In Step S2208, if the determination unit 111 determines that both earphone 2R and left earphone 2L are not worn by the user, the processing proceeds to Step S2209.

In Step S2209, the determination unit 111 determines whether the timer value of the timer 2 is 0 or not. If the timer value is 0, the determination unit 111 proceeds to Step S2204. If the timer value is not 0, the determination unit 111 proceeds to Step S2210.

In Step S2210, the determination unit 111 subtracts 1 from the counter value and proceeds to Step S2211.

In Step S2211, if the counter value is 0, the determination unit 111 proceeds to Step S2212. If the counter value is not 0, the determination unit 111 proceeds to Step S2204.

The processing in Step S2212 is similar to the processing in Step S207. After Step S2212, the determination unit 111 ends the processing.

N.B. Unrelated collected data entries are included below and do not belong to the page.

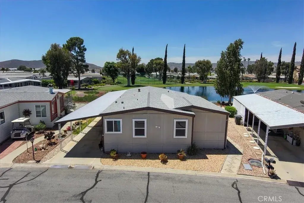 Welcome to Paradise: Your Dream Home Awaits in Our Exclusive 55+ Golf Resort Community of The Lakes at Hemet West! Step into a world of elegance and tranquility within this stunning 2-bedroom, 2-bathroom mobile home that redefines luxury living at 1840 square feet! Nestled in a vibrant 55+ golf resort community, this exquisite property is not just a home; its a lifestyle that promises leisure, comfort, and breathtaking views. Enjoy abundant space in the living room for entertaining friends and family or simply indulging in peaceful solitude. The open-concept design accentuates the flow of natural light, creating a warm and inviting atmosphere. Take in Spectacular Views. Picture waking up to stunning panoramic views of a shimmering lake and a beautifully manicured golf course right from your front windows. Enjoy serene mornings sipping coffee on your private porch while watching the sun rise on the sparkling water and cascading waterfall. The kitchen is equipped with updated appliances, ample cabinetry, and generous counter space, perfect for the culinary enthusiast or casual cook alike. Gather around the kitchen island for casual meals or entertaining guests! Retreat to your master suite, a tranquil oasis complete with an en-suite bathroom featuring double sinks, a soaking tub, and a separate shower. As part of this 55+ community, youll have exclusive access to a range of resort-style amenities, including a pristine golf course, clubhouses, fitness facilities, and social events that foster friendship and fun. Dive into the community lifestyle where every day feels like a va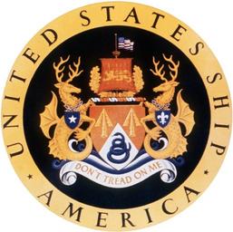 | Keywords: USS America (CV-66) insignia 1963.png en Coat of arms of the U S Navy aircraft carrier USS America CV-66 <br> Blazon<br> SHIELD Per chevron Gules and Argent in base a rattlesnake coiled to strike Azure and in chief two Pheons points up Or <br> CREST On a wreath Argent and Gules in front of a wreath of oak Or a ship ™s mast flying the flag as purported to have been flown over the Serapis after its capture by John Paul Jones above a full sail Gules charged with a lion passant guardant of the third <br> MOTTO On a scroll Argent doubled of the like the words DON ™T TREAD ON ME Gules The words DON ™T TREAD ON ME as the ship ™s motto best reflect the spirit and traditions contained within the name AMERICA <br> SUPPORTERS On either side in front of three waves by the sea Azure and Argent a sea stag Or having suspended from their necks by a chain of the second an escutcheon of the first that to Dexter charged with a mullet and that to sinister with a FLEUR-DE-LIS both of the second <br> <br> Symbolism<br> SHIELD <br> The role of the Continental Navy in the American Revolution and of John Paul Jones as an outstanding figure throughout that conflict is the basic theme of the design The two arrowheads or pheons as they are known in heraldry are symbolic of the welding of sea and Air Forces into a single mighty weapon the Aircraft Carrier <br> The white of the field on which the rattler is depicted is an allusion to the ships sent to our assistance under the Bourbon Flag of France while the coiled rattlesnake was a symbol in popular use on captains´ flags in the Continental Marine <br> The Crest showing an American flag A type reputed to have been flown by the captured Serapis while in the Dutch Harbor of the Texel flying above a British sail all in front of a golden oak wreath symbolizes the most glorious event of John Paul Jones Naval career The Battle of the Bonhomme Richard under his command with HMS Serapis <br> He defeated the Serapis in a desperate fight and as his own ship the Richard was mortally damaged Jones sailed the Serapis into the Texel in Holland <br> The two stags represented on John Paul Jones´ coat of arms have been adapted as sea stags and used as supporters attesting to his lifelong dedication and devotion to the naval service <br> The shields pendent from their necks testify to the honors bestowed upon Jones both by France a country he loved and honored and by the United States his adopted homeland 6433347 en United States Navy 1965 01 23 Coat Of Arms Authorized 1961 01 01 PD-USGov-Military-Navy USS America CV-66 United States Navy aircraft carrier emblems 066 Don't Tread on Me |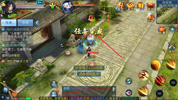 4、完成与羊咩咩的交互,任务完成,获得任务奖励。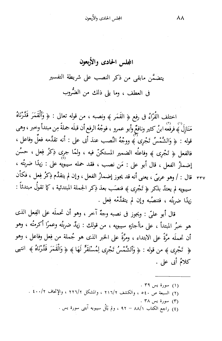 (¬4) راجع الكتاب 1/ 88 - 92، ولم يتل سيبويه آيتى سورة يس.

Here, in Step S2211, if the counter value is 0, the determination unit 111 proceeds to Step S2212. In this case, the counter has become zero before the timer value expires. In this case, that is, the number of times that both earphone 2R and left earphone 2L were determined to be not worn by the user before the predetermined time elapsed exceeded the predetermined number of times (i.e., the upper limit number, which is the threshold value).

The wearing state confirmation process for the right earphone 2R and left earphone 2L in Step S2206 and Step S2207 is performed after the authentication process in both ears is successful. In this case, depending on the operating environment of the earphones, even if the earphones are being worn, the determination unit 111 may mistakenly determine that they are not being worn due to instantaneous fluctuations in the operating environment of the earphones.

Therefore, with the introduction of the timer 2 and a counter, the determination unit 111 invalidates the authentication status of both ears only when the non-wearing state is detected in both the left and right ears for a predetermined number (threshold number) within a predetermined period.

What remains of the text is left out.